Dans les années 60, la guerre de Sécession reste un sujet tabou outre-Atlantique. Déjà le thème n'est pas si fréquent dans le western si on le rapporte à son importance dans l'histoire américaine, et quand il est abordé, c'est toujours avec un pas de côté.
Dans Fort Bravo, il s'agit bien des Nordistes contre les Sudistes, les bleus contre les gris, mais l'action se passe loin de la boucherie de Gettysburg, tout à l'Ouest dans un camp de prisonniers tenu par les soldats de l'Union, paumé au milieu de montagnes arides et truffées d'Indiens.
L'antagonisme bleu-gris du départ laisse la place à l'entre-aide entre les gentils Blancs contre les méchants Peaux-Rouges. Alors qu'en France il ne fait pas de doute que les gentils sont les Tuniques bleues abolitionnistes, rarement Hollywood prend fait et cause pour un des deux camps. Et pourtant par le passé, les vainqueurs n'ont pas toujours fait preuve d'autant de magnanimité à l'égard des vaincus.

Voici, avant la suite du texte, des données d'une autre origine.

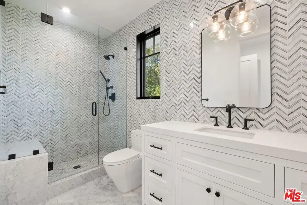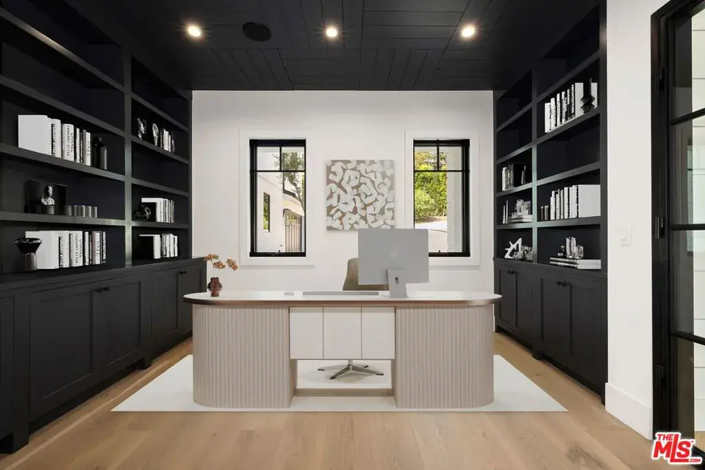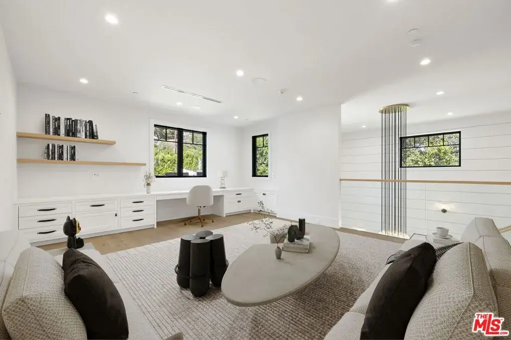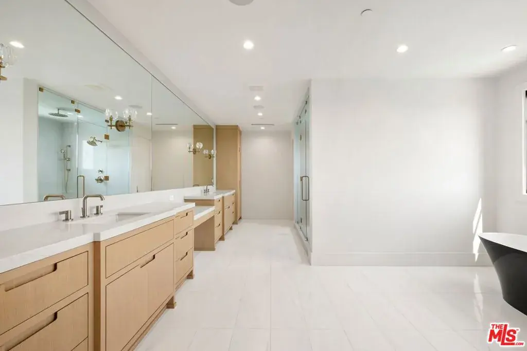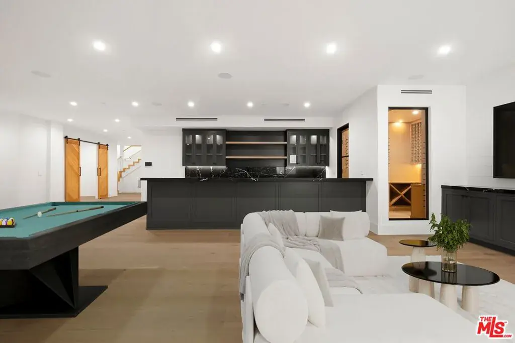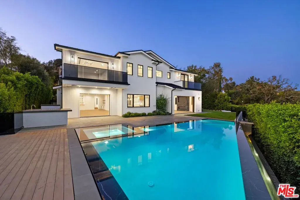 Tucked at the end of a cul-de-sac, this brand-new 10,500 sq. ft. Brentwood estate blends clean modern design with resort-style amenities and sweeping Pacific Ocean and city views. The main level offers formal living and dining rooms, a front office, and an open-concept family room that flows into a chef’s kitchen with Wolf appliances, porcelain counters, butler’s pantry, and breakfast nook. Walls of glass open to a grassy yard, infinity-edge pool, and outdoor kitchen with BBQ ideal for entertaining. The home features 7 ensuite bedrooms, including a downstairs suite and a spectacular primary retreat with dual vanities, soaking tub, oversized shower, and a private balcony overlooking the ocean. Four additional guest bedrooms each enjoy their own baths on the upper level. A pajama lounge and upstairs laundry add convenience. The lower level is an entertainer’s dream with a basement bar, temperature-controlled wine room, private theater, gym, steam room, and flexible space perfect for a second office. Additional highlights include an expansive upper deck with panoramic views, metal roof, elevator, multi-zone HVAC, central vacuum, alarm system, mud/laundry room with dog wash, and 3-car garage. This is a rare opportunity to lease a newly built, private estate combining elegance, function, and breathtaking views.

Un western solide et plaisant (même si William Holden ne se foule pas trop), avec une belle histoire d'amour qui, une fois n'est pas coutume, ne tombe pas comme une perruque sur la soupe. Et une des plus chouettes attaques d'Indiens que je connaisse. De l'amour et de la guerre en gros.
PS : Joli best-of de chansons de l'Ouest américain.